Last week, the U.S. Supreme Court decided Martin v. United States, reviving a lawsuit born of an FBI mistaken assault on the wrong house. The opinion concerns interpretations of the Federal Tort Claims Act and the Constitution’s Supremacy Clause. But the Court also discusses in some detail the history behind In re Neagle (1890) 135 U. S. 1, a case and its progeny on which the Court of Appeals had relied in an analysis the high court rejects.
The Martin holding is not of particular interest for a California Supreme Court blog, but the backstory related in the opinion certainly is, as it concerns two former justices of the state court.
Here’s the opinion’s relevant portion (relevant, that is, to this blog):
In re Neagle involved an affair, a homicide, and a habeas petition. In 1883, Sarah Althea Hill claimed to be the wife of U. S. Senator William Sharon and sought a share of his fortune in acrimonious California divorce proceedings. Sharon admitted an affair but insisted that Hill had forged the pair’s handwritten marriage contract. Hill hired David Terry to represent her. A former Chief Justice of the California Supreme Court, Terry had resigned that post after killing (another) U. S. Senator in a duel. As the litigation wore on, lawyer and client married.

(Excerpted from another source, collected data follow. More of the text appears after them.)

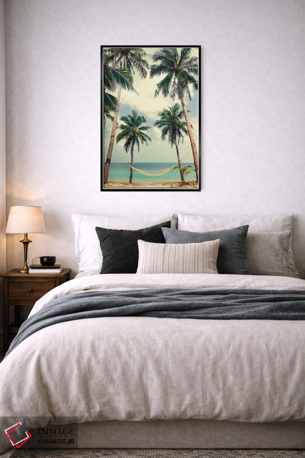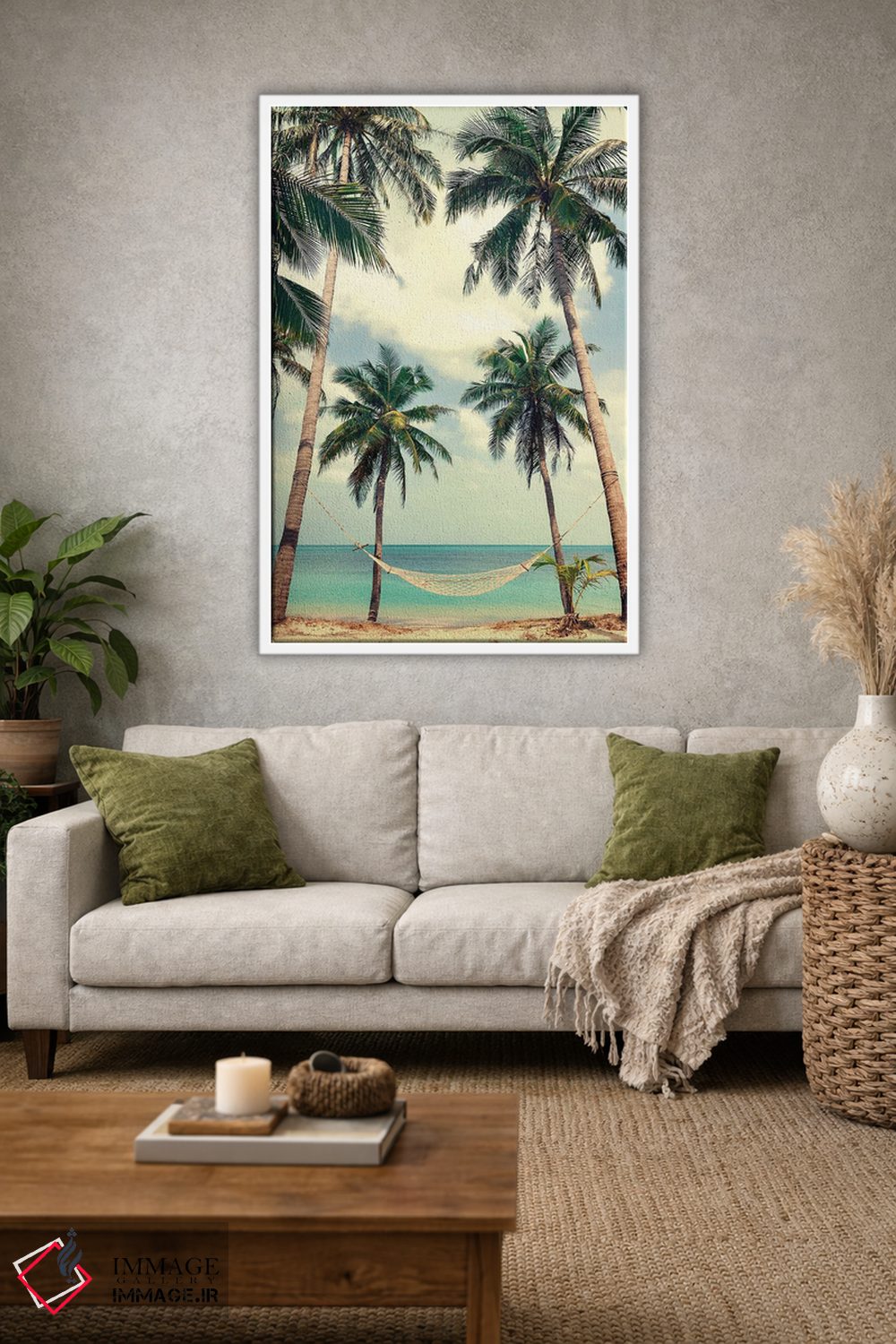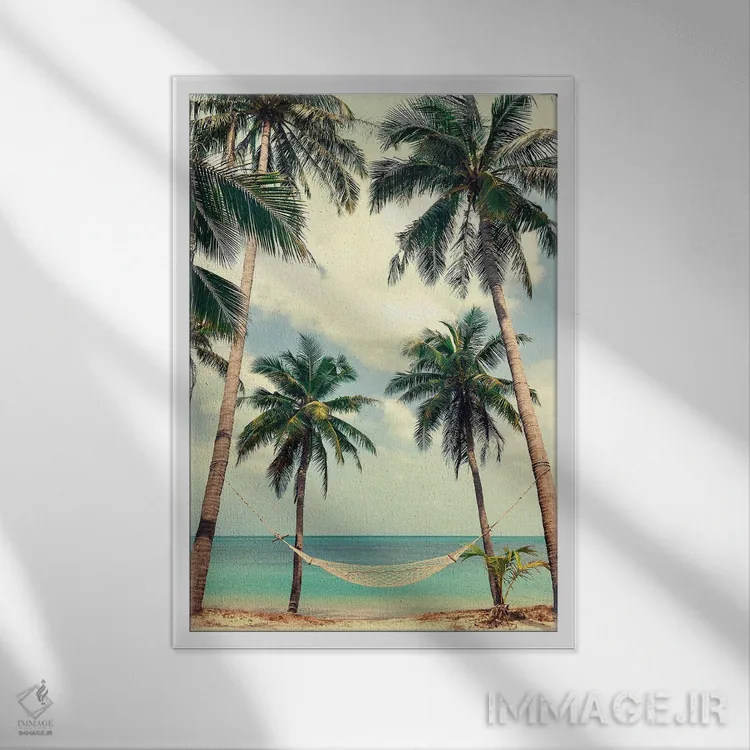 تابلو دکوراتیو آسمان نخل ۳ اثر دیزاین فابریکن - نمای قاب‌دار سفید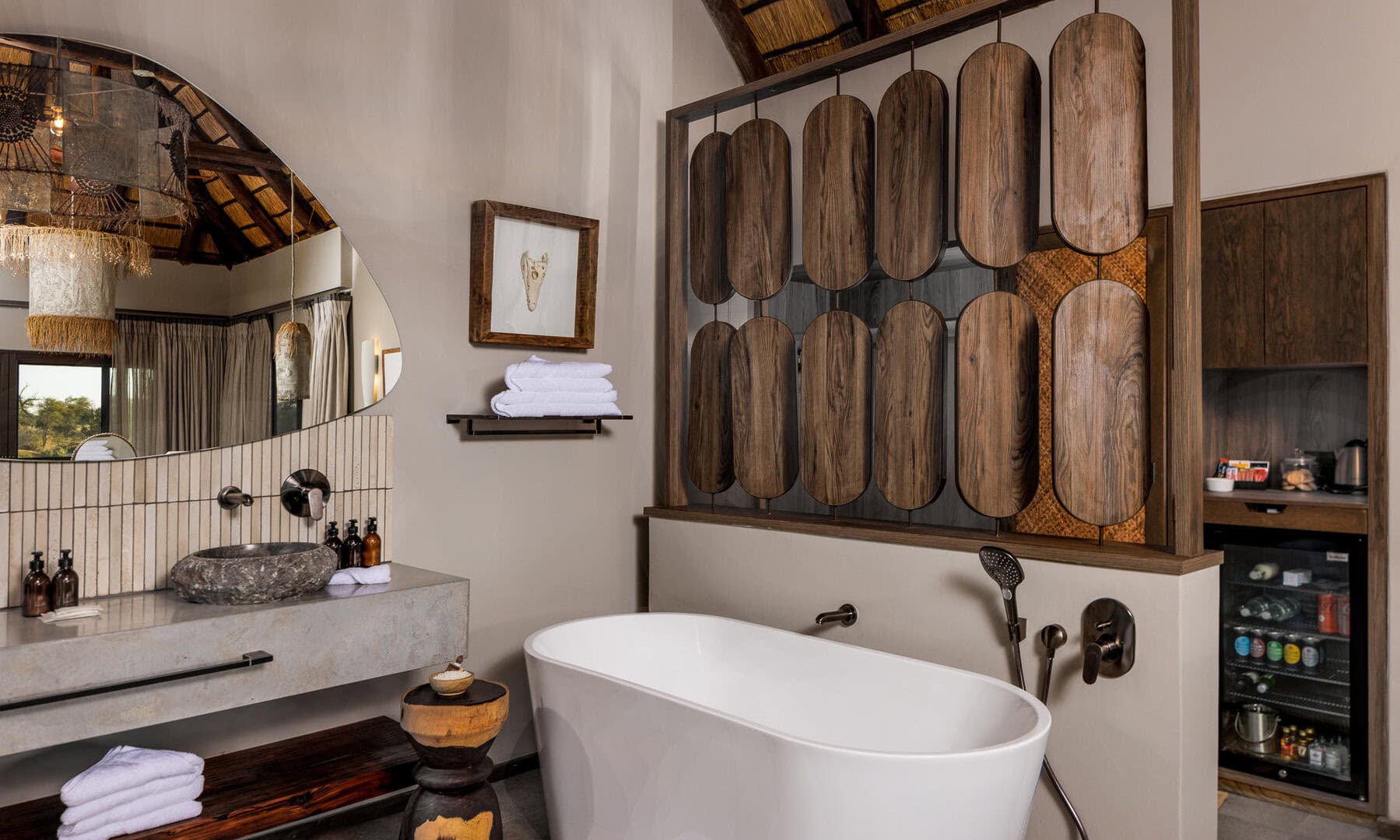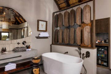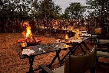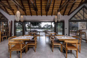 Facilities include a swimming pool, a well-equipped gym, a spa, and a boutique, as well as two unique boma areas—one tucked into the bush and another right at the water’s edge. Morning and evening game drives provide access to the surrounding wilderness, while the lodge’s positioning means wildlife viewing continues even while you’re at rest.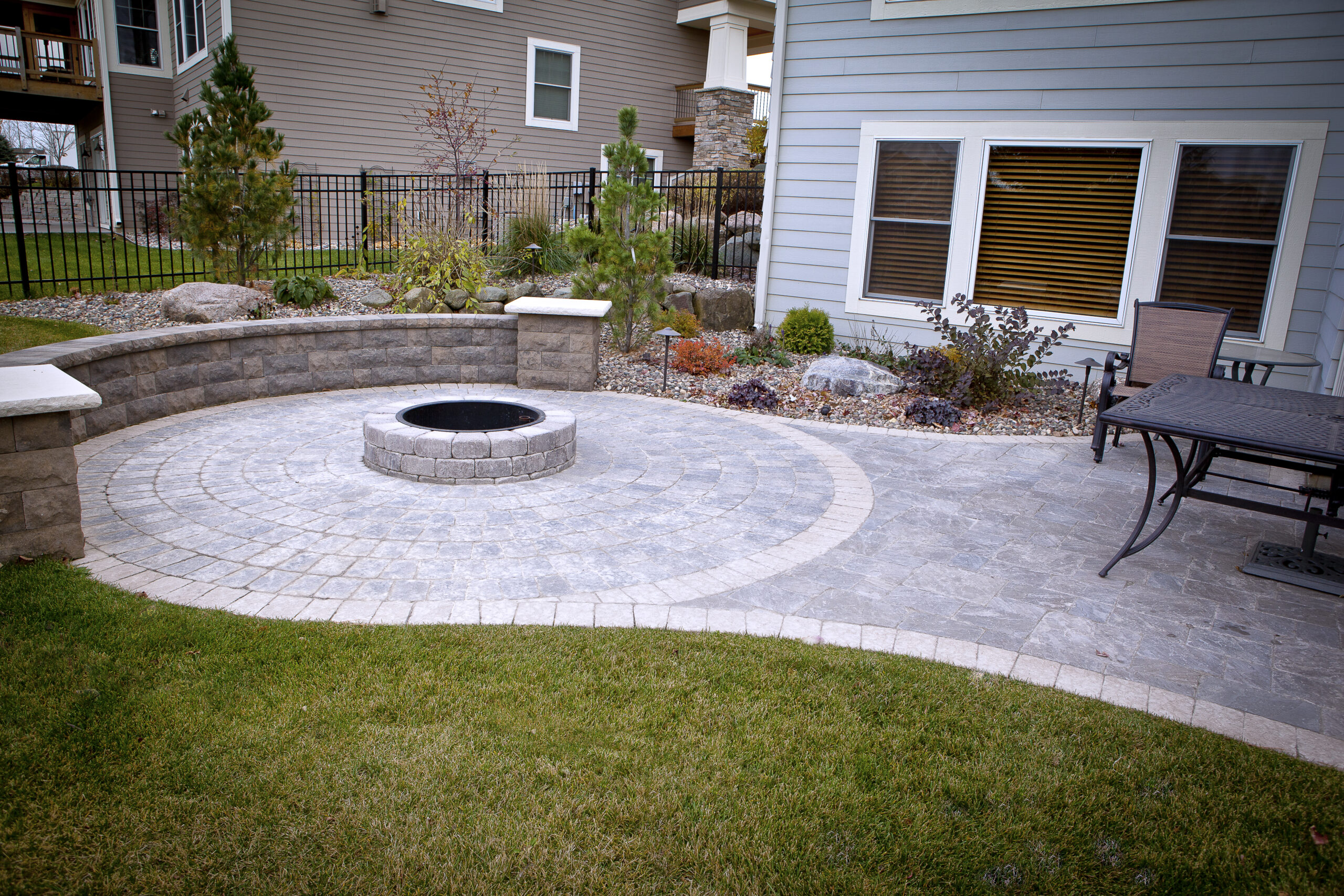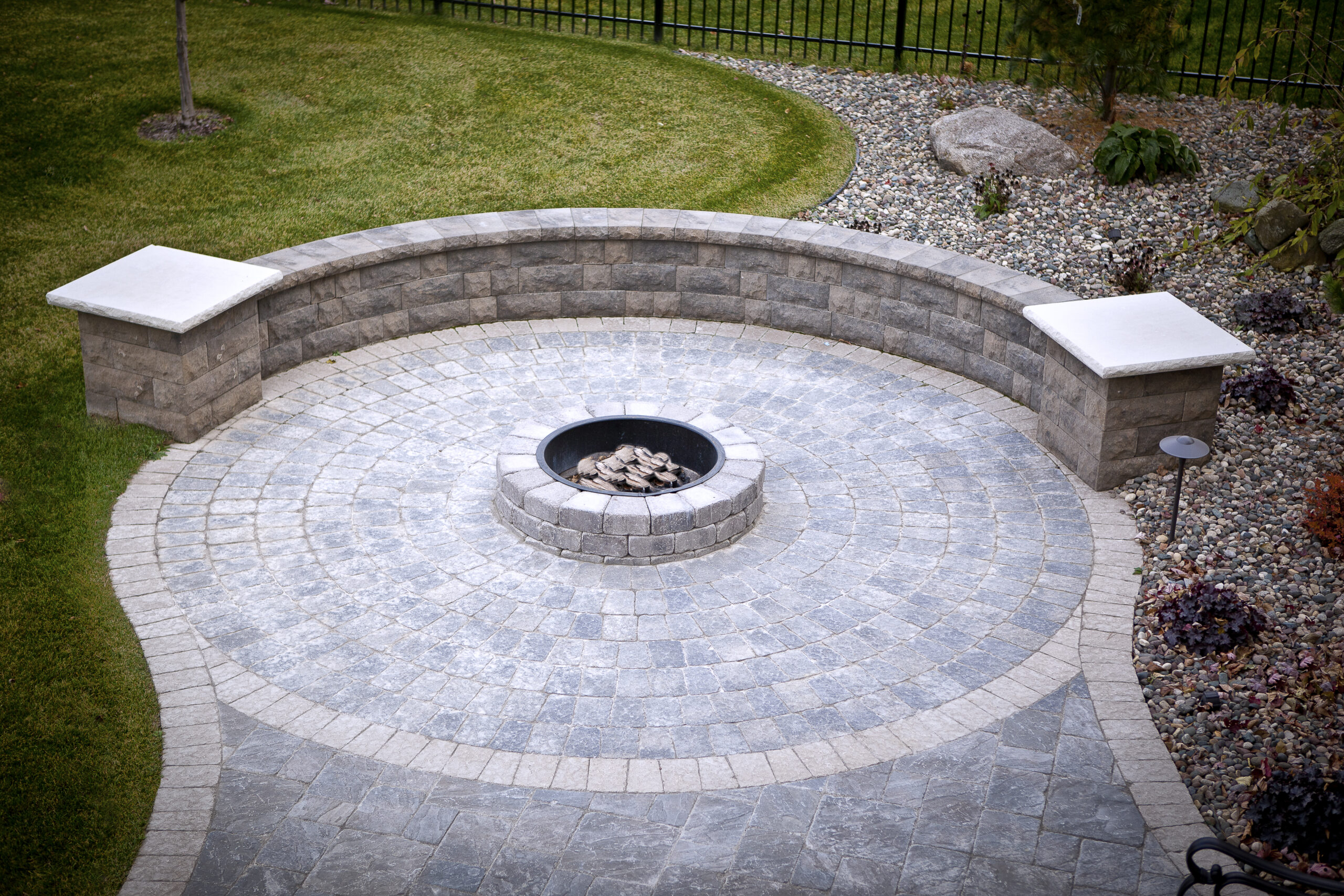 Project Overview: The customer was looking to add a paver patio with a firepit as well as seating. We installed the new paver patio with the firepit tying it to the existing paver patio. The knee wall with pillars was installed to integrate seating into the paver patio with the firepit.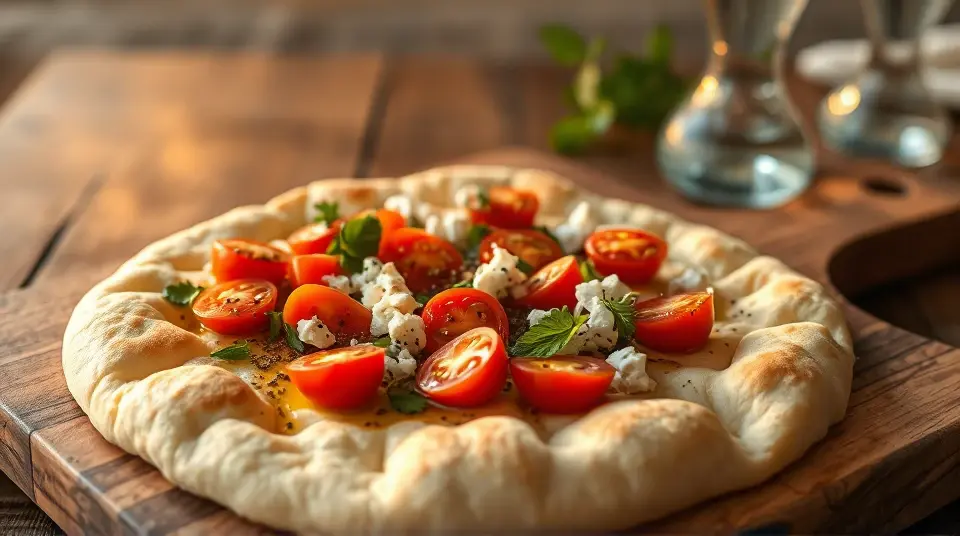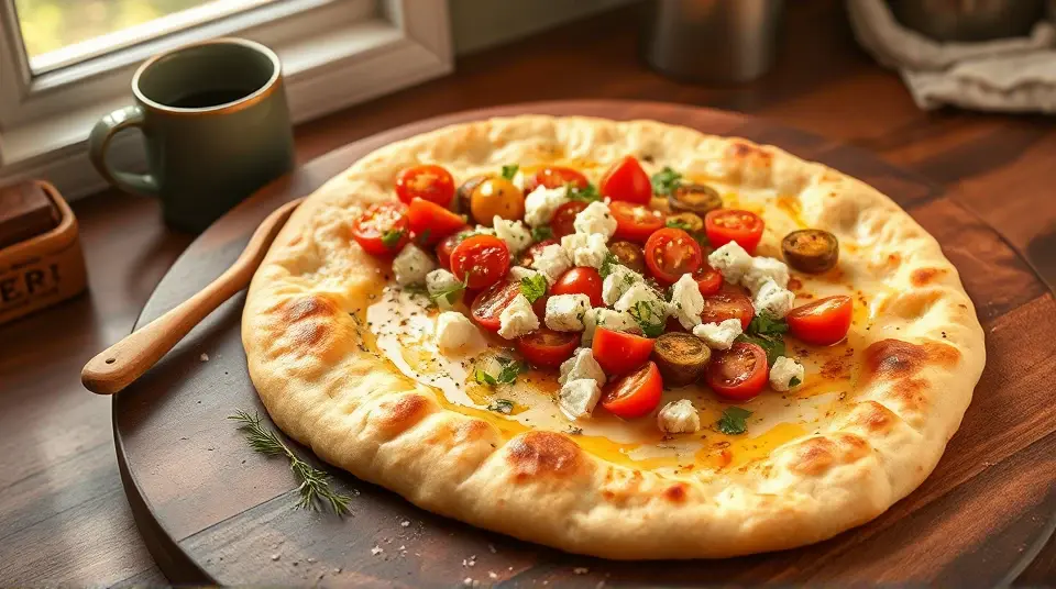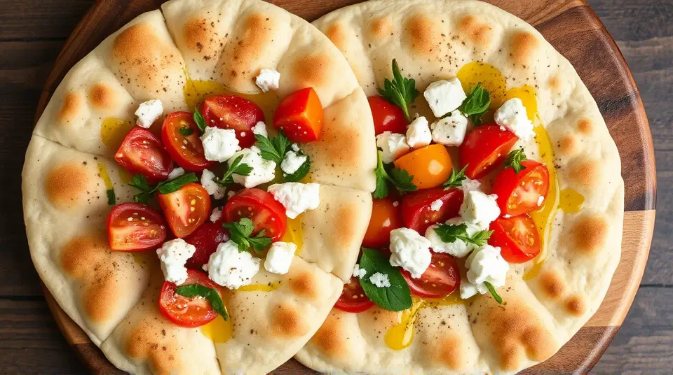 # Light Mediterranean Flatbread with Peperoncini 🌿🍞 This delightful flatbread recipe is inspired by the refreshing flavors of the Mediterranean. It combines the zesty kick of peperoncini with a light and fluffy base, making it a perfect companion for dips, spreads, or as a base for your favorite toppings. It's an easy yet impressive dish that will elevate any gathering or get-together! ## Ingredients ### For the flatbread - 1 ½ cups all-purpose flour (plus extra for dusting) - 1 teaspoon baking powder - ½ teaspoon salt - ½ cup Greek yogurt (preferably non-fat) - 1 tablespoon olive oil - 3 tablespoons warm water (as needed) ### For the topping - ½ cup sliced peperoncini (jarred) - ½ cup crumbled feta cheese - ¼ cup cherry tomatoes, halved - 1 tablespoon fresh oregano, chopped (or 1 teaspoon dried oregano) - 1 tablespoon fresh parsley, chopped - A drizzle of olive oil for finishing - Pinch of black pepper and sea salt to taste ## Instructions 1. **Make the flatbread dough**: - In a large mixing bowl, combine the flour, baking powder, and salt. - Add the Greek yogurt and olive oil. Mix until a rough dough forms. - Gradually add warm water, kneading gently until the dough is soft and smooth (about 5 minutes). Avoid adding too much water to keep the flatbread light. > 🍞 If the dough is too sticky, sprinkle a little extra flour while kneading. If it’s too dry, add a few drops of warm water. 2. **Let the dough rest**: - Cover the dough with a damp cloth or plastic wrap and let it rest for at least 30 minutes. This allows the gluten to relax, resulting in a more tender flatbread. 3. **Roll out the dough**: - Preheat your skillet or grill over medium heat. - Divide the dough into four equal pieces. Roll each piece into a circle about ¼-inch thick, dusting with flour to prevent sticking. 4. **Cook the flatbread**: - Place the rolled-out dough onto the hot skillet or grill. Cook for 2-3 minutes on each side until golden brown and puffed up. Repeat with the remaining dough. 5. **Prepare the topping**: - In a bowl, mix the sliced peperoncini, crumbled feta, halved cherry tomatoes, oregano, and parsley. Drizzle with olive oil and season with black pepper and sea salt to taste. 6. **Assemble and serve**: - Once the flatbreads are cooked, place them on a serving platter. Top with the peperoncini mixture and another drizzle of olive oil. Serve warm and enjoy! > 🌟 These flatbreads can be enjoyed on their own or alongside your favorite dips like hummus or tzatziki for a complete Mediterranean experience. ## Variations - **Gluten-free**: Replace all-purpose flour with a gluten-free flour blend. You might need to adjust the amount of water based on the blend used. - **Spicy twist**: Add red pepper flakes or finely chopped fresh chili to the dough for an extra kick. - **Herbed flatbread**: Mix in dried herbs like thyme or rosemary into the dough for added flavor. - **Stuffed flatbread**: Before cooking, spoon some of the topping mixture onto one half of the flatbread, fold it over, and cook as directed for a delicious stuffed version. Enjoy your culinary adventure into the Mediterranean with this vibrant flatbread! 😍🌍name

Eventually, the dispute between Hill and Sharon wound up before U. S. Supreme Court Justice Stephen Field while he was riding circuit. Terry and Justice Field were no strangers, having served together on the California Supreme Court. Even so, Justice Field issued a devastating ruling against Hill. As he announced his decision, Hill leapt from her seat, denounced the Justice as “bought,” and had to be carried from the courtroom. Joining the fracas, Terry punched a marshal and brandished a bowie knife. Even after the couple spent time in jail for contempt, they continued to issue threats against Justice Field.
Those events found their way into the U. S. Reports this way. Aware of the threat Hill and Terry posed, the U. S. Attorney General ordered Deputy Marshal David Neagle, a former chief of police in Tombstone, Arizona, to accompany Justice Field when he next rode circuit in California. That decision proved prescient, for Terry soon cornered the Justice on a train and attacked him. Intervening to protect the Justice, Neagle shot and killed Terry. After the shooting, California authorities arrested Neagle and began prosecuting him for murder. Neagle countered by filing a petition for a writ of habeas corpus in federal court seeking his release.
(Citations and a footnote omitted.)
As the Martin opinion explains, the Court in Neagle held that “the Supremacy Clause shielded [the deputy marshal] from state criminal charges.” It then concludes, “Memorable as In re Neagle may be, we do not see how it informs the prosaic task of applying the FTCA.”